WHAT NEEDS TO BE DONE.
Verbatim output, no pictures: the lines from the beginning of the material through the line with "The product is", both ends kept.
======== DATASET EXTRACT
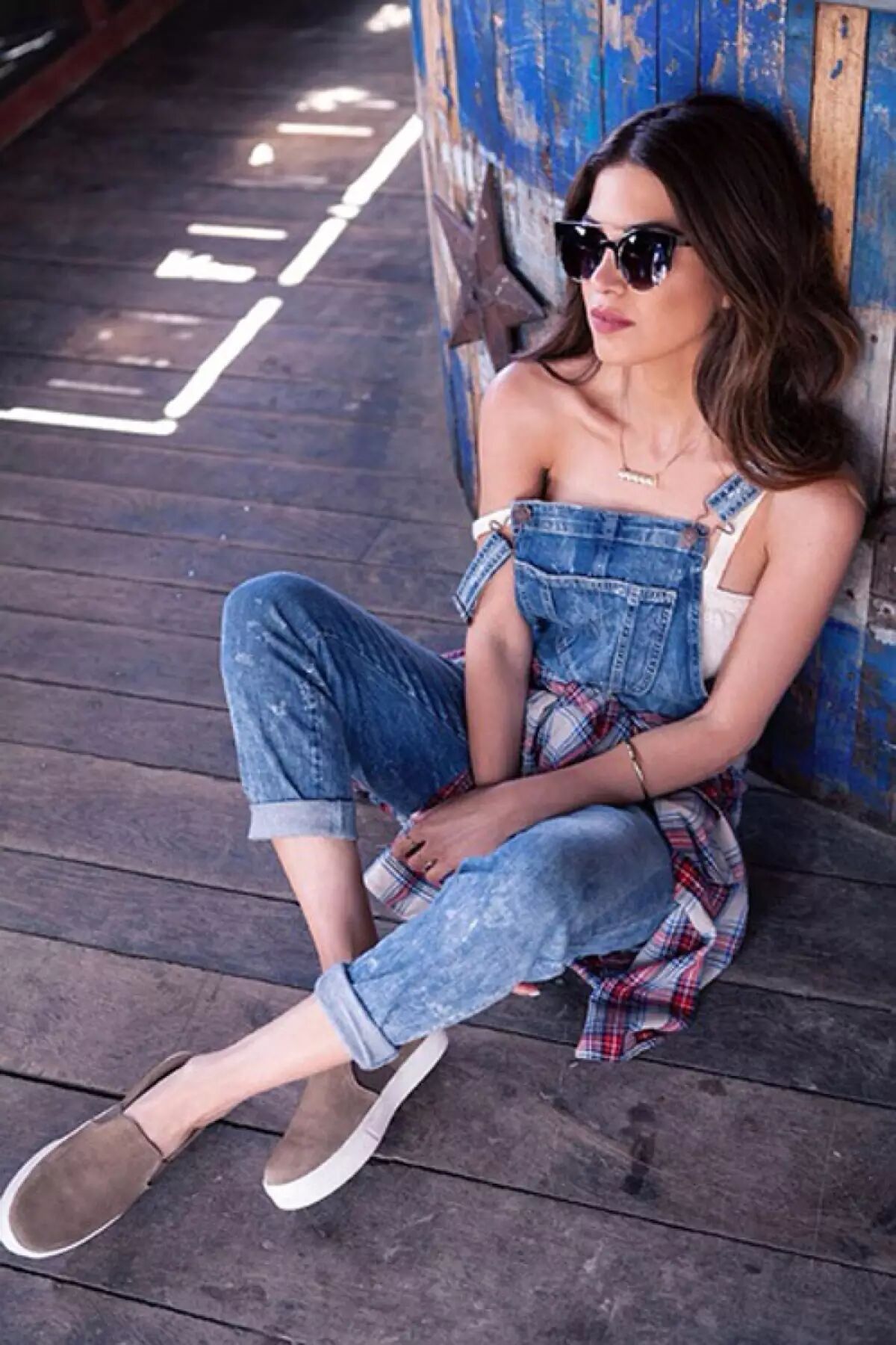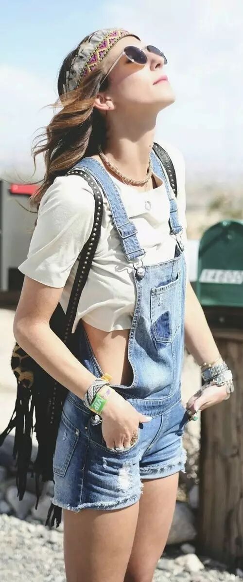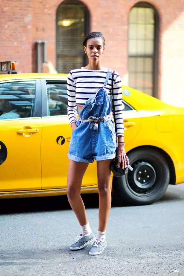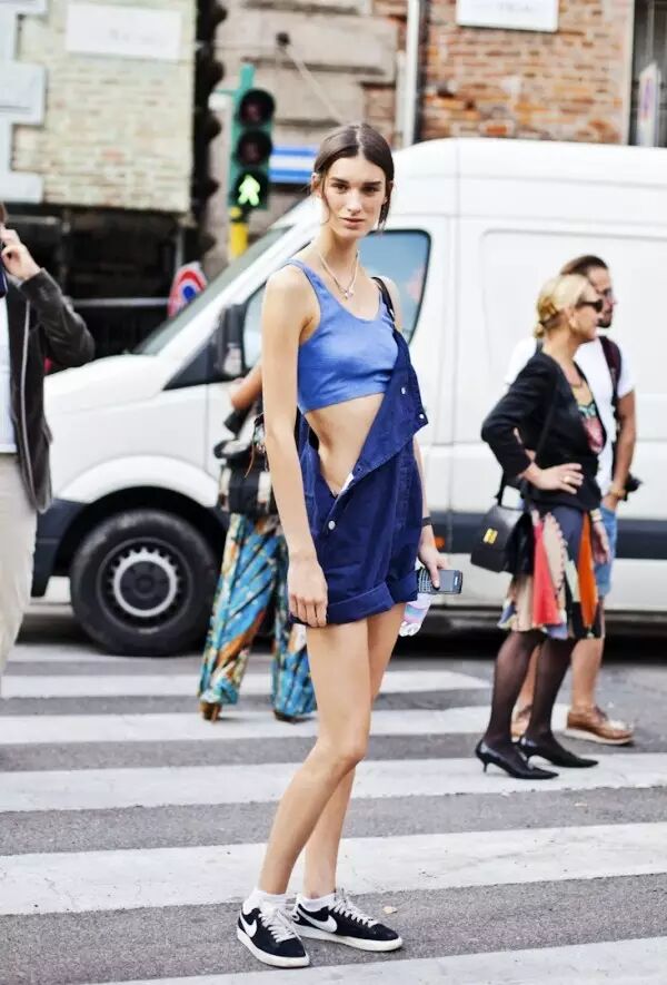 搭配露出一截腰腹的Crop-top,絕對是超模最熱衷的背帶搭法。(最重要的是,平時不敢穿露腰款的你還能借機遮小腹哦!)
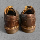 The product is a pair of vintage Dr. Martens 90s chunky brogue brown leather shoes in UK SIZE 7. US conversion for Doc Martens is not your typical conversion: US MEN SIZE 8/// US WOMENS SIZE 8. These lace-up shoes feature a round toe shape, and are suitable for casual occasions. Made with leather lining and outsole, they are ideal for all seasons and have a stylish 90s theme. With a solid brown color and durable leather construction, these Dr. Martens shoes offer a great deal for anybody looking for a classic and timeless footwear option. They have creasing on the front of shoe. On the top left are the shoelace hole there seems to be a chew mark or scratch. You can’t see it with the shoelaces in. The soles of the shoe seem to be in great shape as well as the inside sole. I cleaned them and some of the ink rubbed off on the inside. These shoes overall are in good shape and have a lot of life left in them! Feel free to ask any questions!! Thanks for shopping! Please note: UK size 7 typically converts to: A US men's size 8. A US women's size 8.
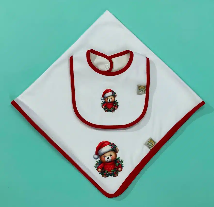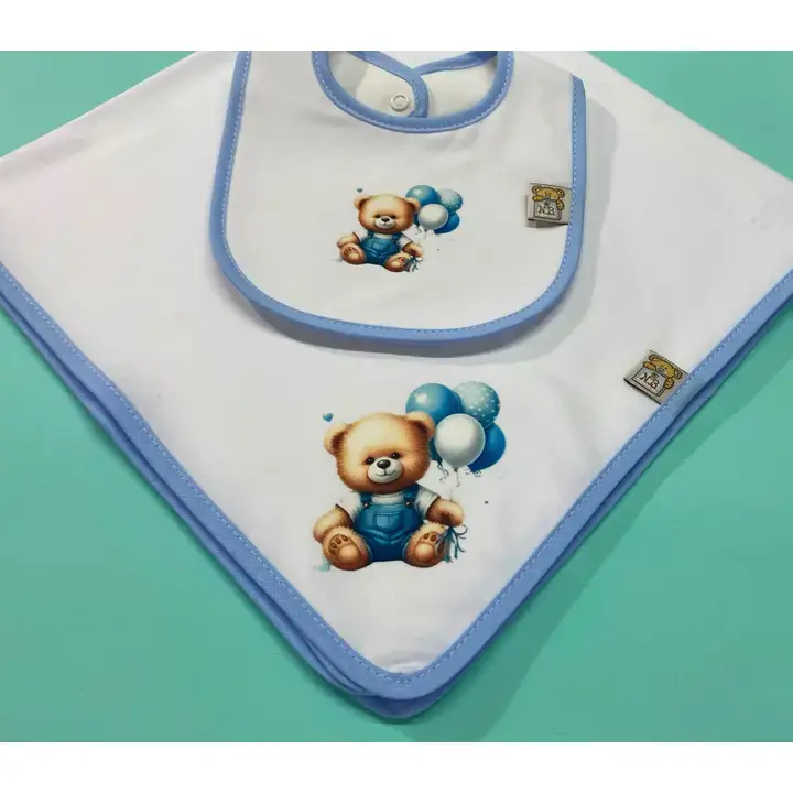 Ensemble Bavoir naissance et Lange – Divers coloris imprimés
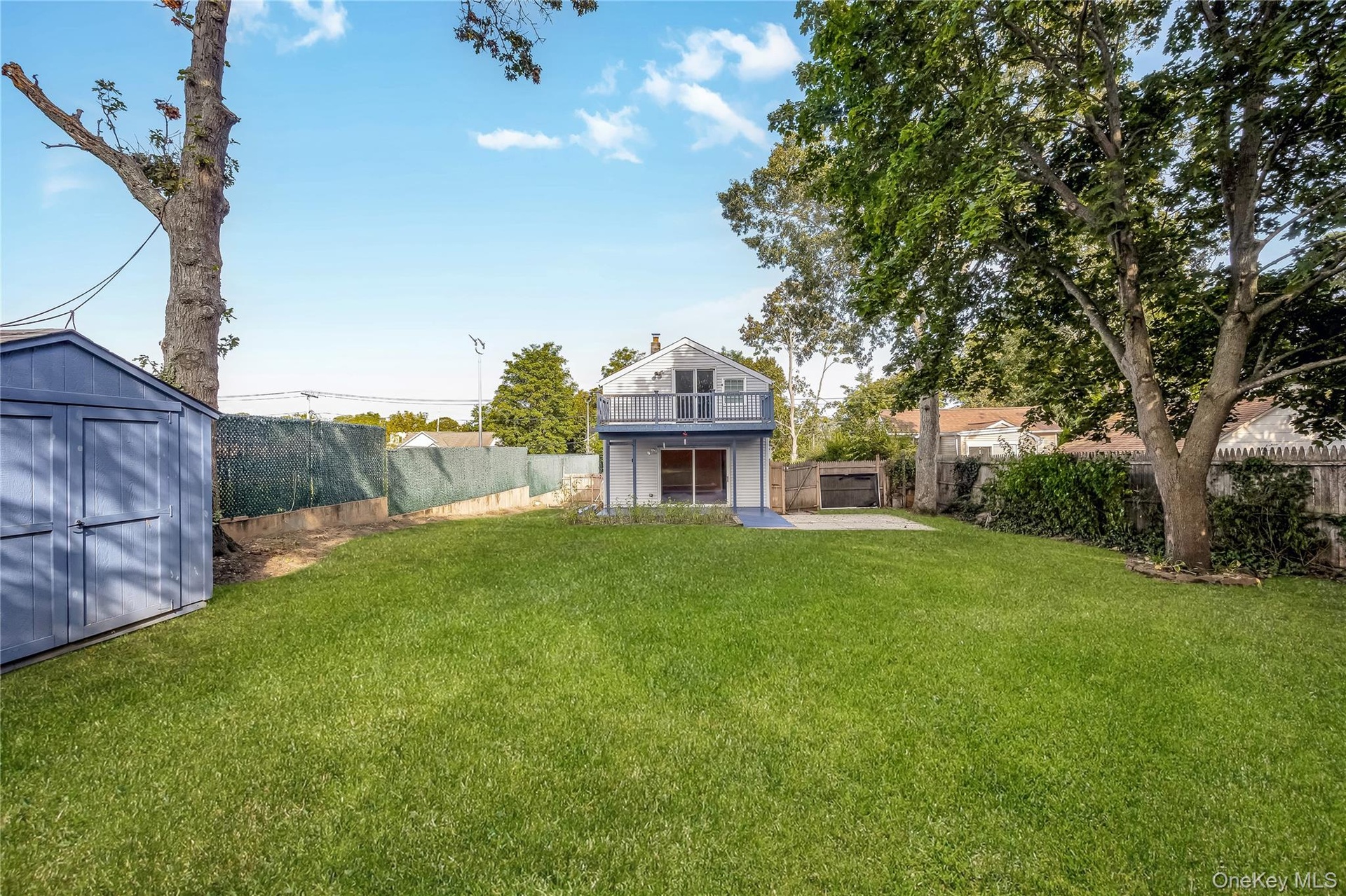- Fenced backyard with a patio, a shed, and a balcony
================
TASK SOLUTION.
 搭配露出一截腰腹的Crop-top,絕對是超模最熱衷的背帶搭法。(最重要的是,平時不敢穿露腰款的你還能借機遮小腹哦!)
 The product is a pair of vintage Dr. Martens 90s chunky brogue brown leather shoes in UK SIZE 7. US conversion for Doc Martens is not your typical conversion: US MEN SIZE 8/// US WOMENS SIZE 8. These lace-up shoes feature a round toe shape, and are suitable for casual occasions. Made with leather lining and outsole, they are ideal for all seasons and have a stylish 90s theme. With a solid brown color and durable leather construction, these Dr. Martens shoes offer a great deal for anybody looking for a classic and timeless footwear option. They have creasing on the front of shoe. On the top left are the shoelace hole there seems to be a chew mark or scratch. You can’t see it with the shoelaces in. The soles of the shoe seem to be in great shape as well as the inside sole. I cleaned them and some of the ink rubbed off on the inside. These shoes overall are in good shape and have a lot of life left in them! Feel free to ask any questions!! Thanks for shopping! Please note: UK size 7 typically converts to: A US men's size 8. A US women's size 8.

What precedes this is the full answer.